What happens when you add a new consumer to the group
When you add a new consumer, a rebalance occurs — partitions are redistributed among all consumers.
Junior Level
Short answer
When you add a new consumer, a rebalance occurs — partitions are redistributed among all consumers.
Example
Before adding:
C1 → P0, P1
C2 → P2
Added C3:
C1 → P0
C2 → P1
C3 → P2
What happens during rebalance?
Eager rebalancing: 5-30 seconds of full downtime.
Cooperative rebalancing: 1-5 seconds with continued processing on remaining partitions.

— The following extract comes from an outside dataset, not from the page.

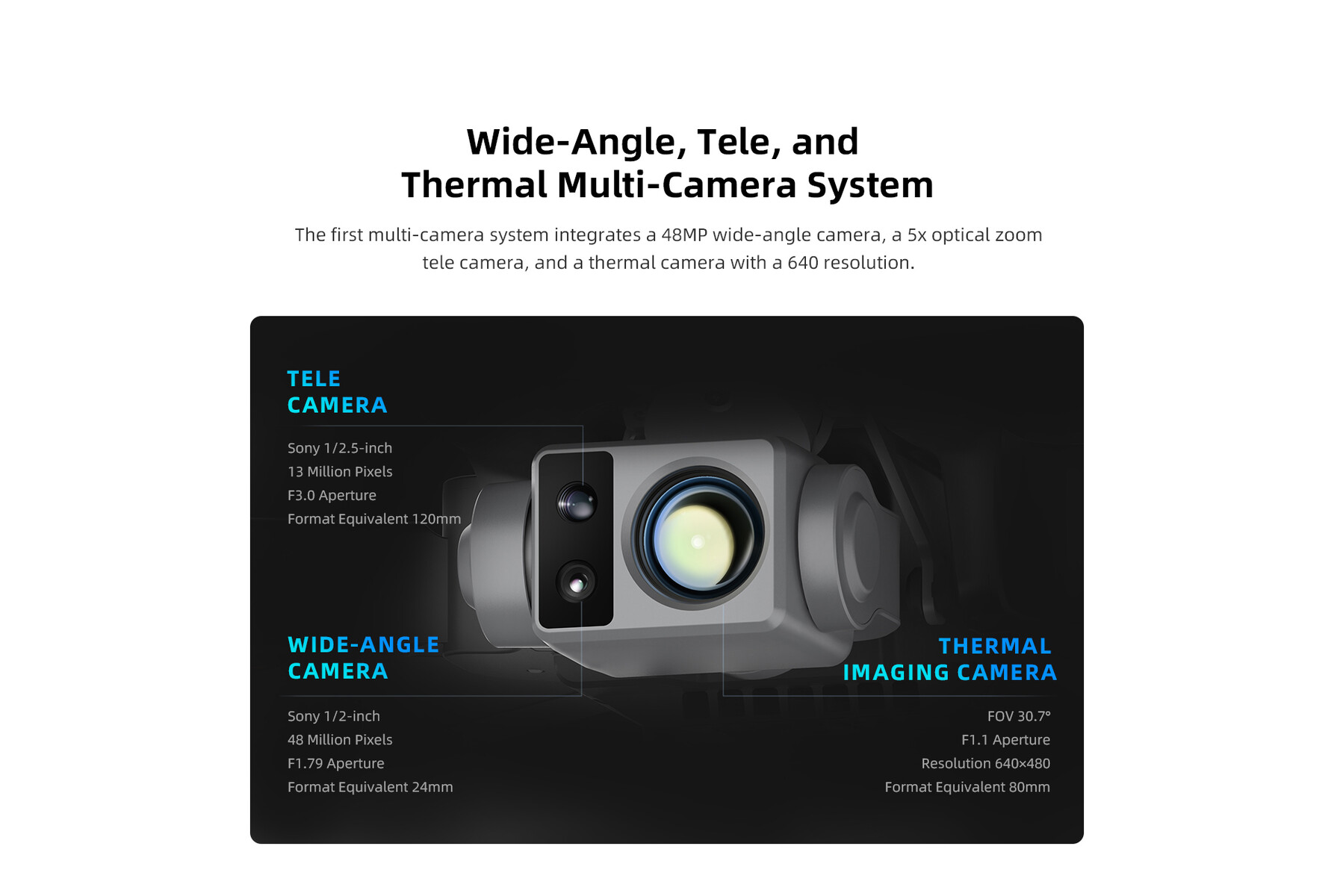 Der wahrscheinlich auch hierzulande nicht mehr komplett unbekannte Hersteller Fimi bringt mit der X8T eine neue Drohne auf den Markt. Die Besonderheit: Auf beziehungsweise am Gimbal ist nicht nur eine Kamera installiert, stattdessen stehen drei verschiedene Kameras bereits im Auslieferungszustand zur Verfügung. So ist eine Weitwinkelkamera mit einem 1/2-Zoll-Sensor von Sony und einer Auflösung von 48 Megapixeln vorhanden. Mit einer Brennweite (Kleinbild-Äquivalent) von 120 statt 24 Millimetern agiert die mit 13 Megapixeln auflösende Telekamera, womit sich entsprechend heranzoomen lässt. Die verbaute Wärmebildkamera löst mit 640 x 480 Pixeln auf und könnte sich beispielsweise gut etwa zum Erkennen von Glutnestern, Wärmebrücken oder für die Nachsuche beim Jagen eignen. Unterstützt wird auch eine Bild-in-Bild-Funktion und das Anzeigen der Bilder der verschiedenen Sensoren nebeneinander.
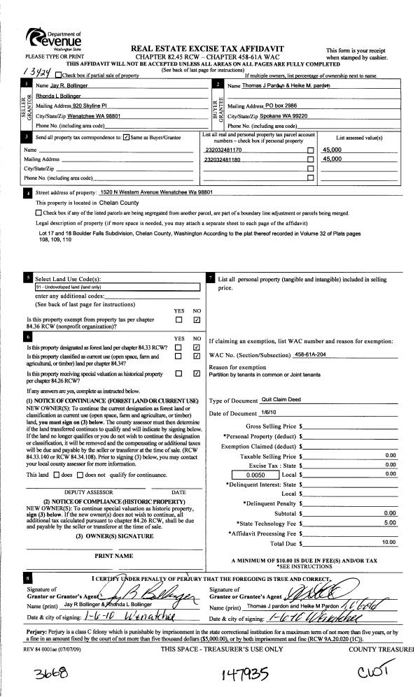 | 6 | 01/06/2010 | Q | Quit Claim Deed | PARDUN THOMAS J & HEIKE M | PARDUN THOMAS J & HEIKE M | | | $0.00 | 147935 | 2317313 |

Messages accumulate in Kafka
After rebalance, reading resumes
How to add a consumer?
// Just launch a new consumer with the same group.id
props.put("group.id", "my-group");
consumer.subscribe(List.of("orders"));
// Kafka will automatically trigger a rebalance
Middle Level
Rebalancing process (step by step)
1. New consumer connects to broker
2. Sends JoinGroup request
3. Group coordinator starts rebalance
4. All consumers receive notification
5. All consumers stop reading (eager)
or continue with some partitions (cooperative)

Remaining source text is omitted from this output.